- **Exercise objective**
Reproduce, exactly and only, the lines of the data that follows from the one containing "J. Crew Women's" down to the one containing "Most facilities handle", without pictures.

[[ Dataset extract, beginning ]]

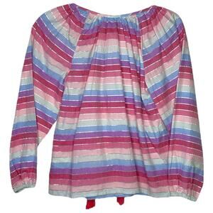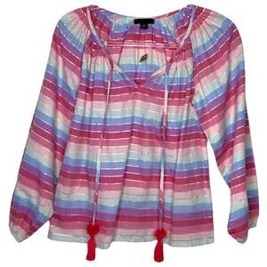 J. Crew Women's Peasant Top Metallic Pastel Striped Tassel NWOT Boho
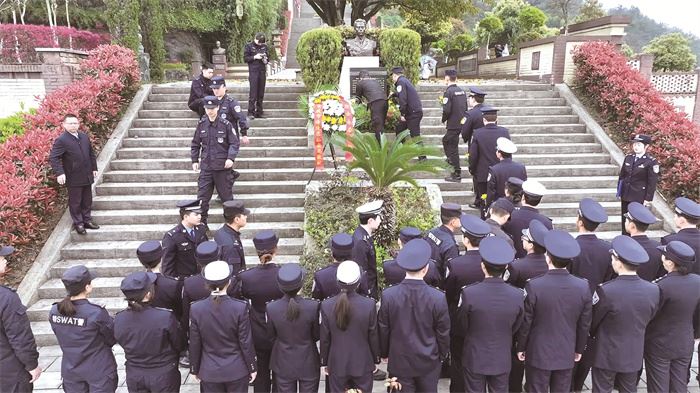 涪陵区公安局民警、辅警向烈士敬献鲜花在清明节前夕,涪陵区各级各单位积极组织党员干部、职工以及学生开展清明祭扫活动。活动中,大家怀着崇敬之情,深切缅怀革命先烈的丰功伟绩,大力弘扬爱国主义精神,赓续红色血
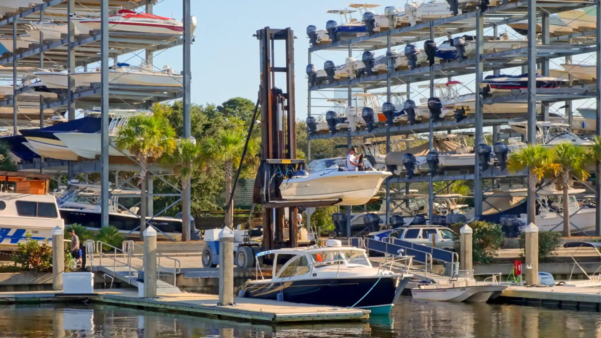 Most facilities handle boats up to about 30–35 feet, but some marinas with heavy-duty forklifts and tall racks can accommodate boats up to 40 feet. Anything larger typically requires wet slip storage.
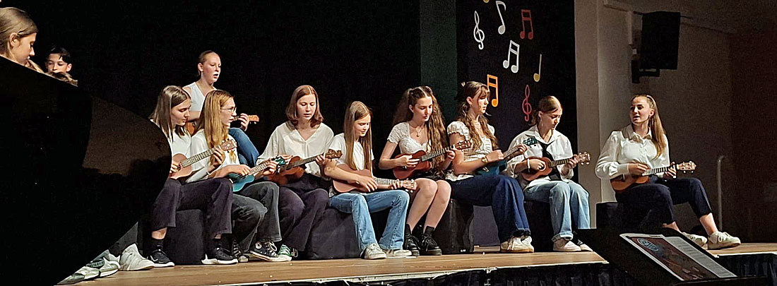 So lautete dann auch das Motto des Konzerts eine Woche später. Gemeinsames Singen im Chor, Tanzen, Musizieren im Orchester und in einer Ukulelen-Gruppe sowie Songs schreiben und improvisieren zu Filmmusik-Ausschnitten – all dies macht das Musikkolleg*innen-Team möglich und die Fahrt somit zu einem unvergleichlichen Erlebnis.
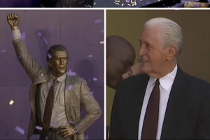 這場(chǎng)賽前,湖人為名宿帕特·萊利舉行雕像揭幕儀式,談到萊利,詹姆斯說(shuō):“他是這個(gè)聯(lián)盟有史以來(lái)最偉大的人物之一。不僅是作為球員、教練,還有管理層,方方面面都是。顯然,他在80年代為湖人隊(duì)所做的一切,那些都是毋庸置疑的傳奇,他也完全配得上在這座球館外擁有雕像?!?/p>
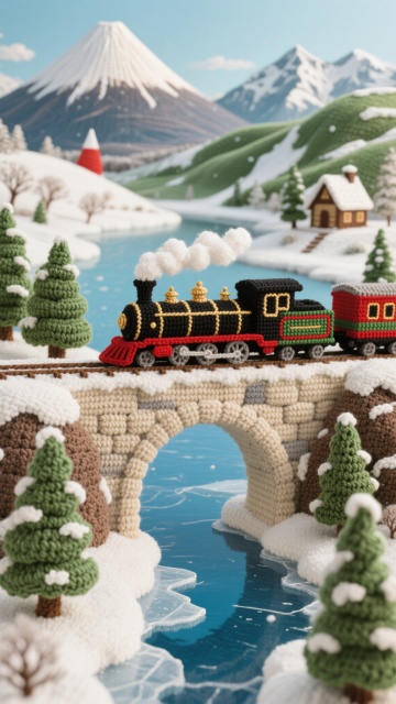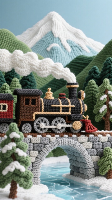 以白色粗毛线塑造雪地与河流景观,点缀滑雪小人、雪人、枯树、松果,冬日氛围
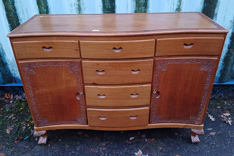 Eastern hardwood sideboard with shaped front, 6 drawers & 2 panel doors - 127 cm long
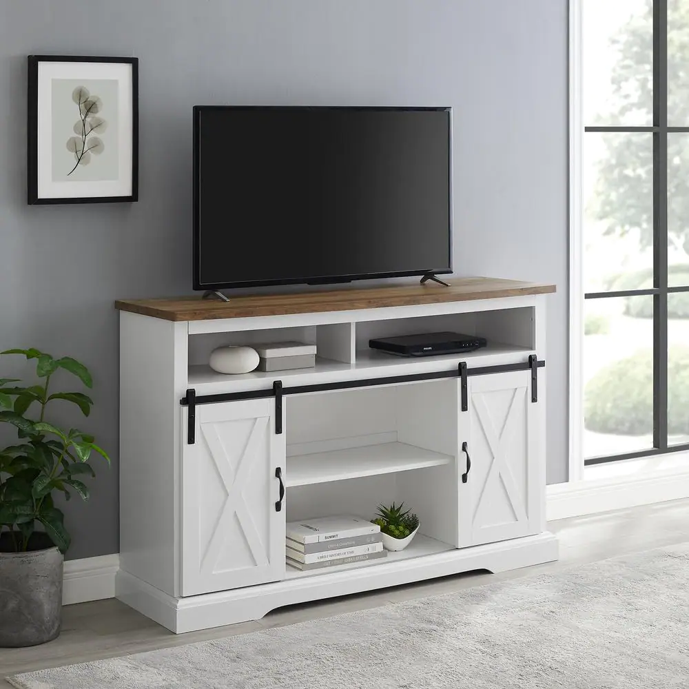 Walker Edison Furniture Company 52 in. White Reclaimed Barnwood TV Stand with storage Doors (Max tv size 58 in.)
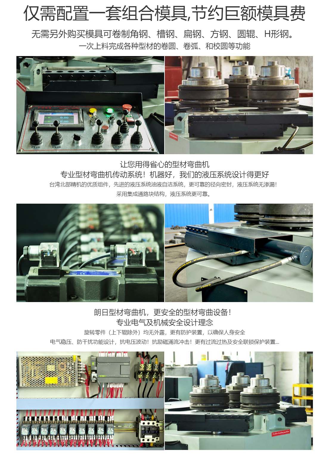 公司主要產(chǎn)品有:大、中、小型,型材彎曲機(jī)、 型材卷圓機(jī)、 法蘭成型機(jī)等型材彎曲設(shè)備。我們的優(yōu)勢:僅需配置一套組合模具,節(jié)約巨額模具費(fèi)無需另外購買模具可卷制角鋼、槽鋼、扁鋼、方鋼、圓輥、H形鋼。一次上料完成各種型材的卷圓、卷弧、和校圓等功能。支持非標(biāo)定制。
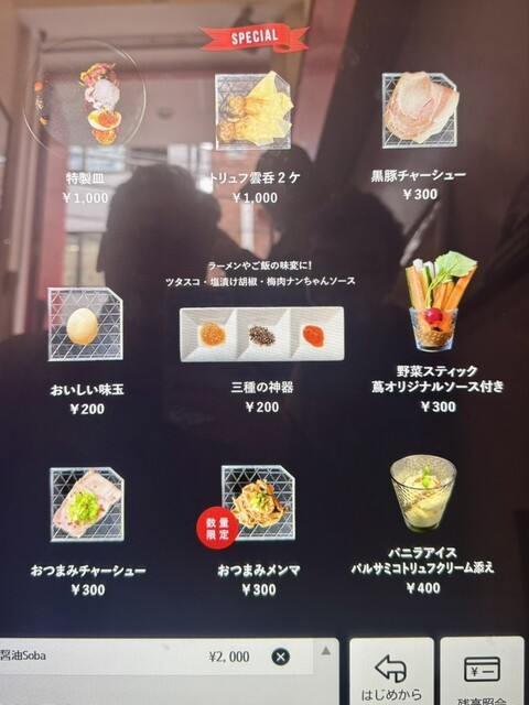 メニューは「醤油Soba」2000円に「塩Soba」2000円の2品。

[[ Dataset extract, end ]]
[[ Dataset extract, beginning ]]

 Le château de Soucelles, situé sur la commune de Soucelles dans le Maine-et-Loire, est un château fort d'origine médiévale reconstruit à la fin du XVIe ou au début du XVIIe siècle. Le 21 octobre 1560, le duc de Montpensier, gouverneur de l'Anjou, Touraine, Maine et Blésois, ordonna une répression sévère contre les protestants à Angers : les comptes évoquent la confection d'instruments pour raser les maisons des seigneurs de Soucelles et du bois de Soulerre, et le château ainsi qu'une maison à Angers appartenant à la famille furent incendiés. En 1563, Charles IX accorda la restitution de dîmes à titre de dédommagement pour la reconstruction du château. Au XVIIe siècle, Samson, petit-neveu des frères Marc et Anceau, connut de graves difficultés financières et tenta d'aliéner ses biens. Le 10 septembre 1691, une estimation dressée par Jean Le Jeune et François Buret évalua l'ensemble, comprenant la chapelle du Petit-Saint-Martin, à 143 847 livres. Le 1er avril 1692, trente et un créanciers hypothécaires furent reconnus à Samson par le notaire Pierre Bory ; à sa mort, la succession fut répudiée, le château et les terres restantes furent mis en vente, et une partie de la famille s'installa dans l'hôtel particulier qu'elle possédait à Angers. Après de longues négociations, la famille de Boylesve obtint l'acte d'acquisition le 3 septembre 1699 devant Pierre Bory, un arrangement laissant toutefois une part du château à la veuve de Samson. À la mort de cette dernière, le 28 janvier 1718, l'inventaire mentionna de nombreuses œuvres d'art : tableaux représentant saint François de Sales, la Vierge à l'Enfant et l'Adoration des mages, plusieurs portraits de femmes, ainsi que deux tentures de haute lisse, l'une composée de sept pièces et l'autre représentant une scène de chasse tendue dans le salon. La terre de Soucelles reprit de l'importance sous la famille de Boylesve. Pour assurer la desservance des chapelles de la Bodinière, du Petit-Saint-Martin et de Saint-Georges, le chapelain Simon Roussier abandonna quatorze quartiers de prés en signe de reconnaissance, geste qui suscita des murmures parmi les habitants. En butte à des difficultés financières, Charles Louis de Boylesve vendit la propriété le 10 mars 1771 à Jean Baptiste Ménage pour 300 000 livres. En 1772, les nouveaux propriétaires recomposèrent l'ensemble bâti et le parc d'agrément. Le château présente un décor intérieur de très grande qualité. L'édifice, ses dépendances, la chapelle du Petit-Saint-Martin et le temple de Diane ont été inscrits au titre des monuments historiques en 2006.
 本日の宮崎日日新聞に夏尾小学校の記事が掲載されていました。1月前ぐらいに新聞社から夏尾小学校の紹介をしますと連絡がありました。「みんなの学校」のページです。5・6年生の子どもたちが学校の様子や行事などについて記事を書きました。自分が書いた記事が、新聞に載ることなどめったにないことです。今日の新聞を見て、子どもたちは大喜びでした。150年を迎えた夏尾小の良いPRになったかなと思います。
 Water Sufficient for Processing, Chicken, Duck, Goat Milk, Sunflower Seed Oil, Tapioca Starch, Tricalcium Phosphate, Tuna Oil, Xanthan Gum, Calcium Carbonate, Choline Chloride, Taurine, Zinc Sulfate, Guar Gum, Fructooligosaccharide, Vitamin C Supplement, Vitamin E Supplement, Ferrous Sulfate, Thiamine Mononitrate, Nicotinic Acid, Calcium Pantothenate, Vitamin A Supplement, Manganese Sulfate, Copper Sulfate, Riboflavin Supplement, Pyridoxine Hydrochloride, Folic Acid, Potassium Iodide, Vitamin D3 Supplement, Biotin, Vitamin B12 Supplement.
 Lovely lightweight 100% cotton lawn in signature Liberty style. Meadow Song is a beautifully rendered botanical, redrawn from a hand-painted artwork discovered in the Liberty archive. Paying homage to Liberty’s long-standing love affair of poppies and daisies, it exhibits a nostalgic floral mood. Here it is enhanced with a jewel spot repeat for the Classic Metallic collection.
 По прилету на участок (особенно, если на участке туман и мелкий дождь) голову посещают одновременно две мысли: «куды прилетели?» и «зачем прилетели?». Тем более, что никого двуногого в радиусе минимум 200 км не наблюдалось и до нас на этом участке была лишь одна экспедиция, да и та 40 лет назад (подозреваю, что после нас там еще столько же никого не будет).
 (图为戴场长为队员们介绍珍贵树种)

[[ Dataset extract, end ]]

- **Written response**
 J. Crew Women's Peasant Top Metallic Pastel Striped Tassel NWOT Boho
 涪陵区公安局民警、辅警向烈士敬献鲜花在清明节前夕,涪陵区各级各单位积极组织党员干部、职工以及学生开展清明祭扫活动。活动中,大家怀着崇敬之情,深切缅怀革命先烈的丰功伟绩,大力弘扬爱国主义精神,赓续红色血
 Most facilities handle boats up to about 30–35 feet, but some marinas with heavy-duty forklifts and tall racks can accommodate boats up to 40 feet. Anything larger typically requires wet slip storage.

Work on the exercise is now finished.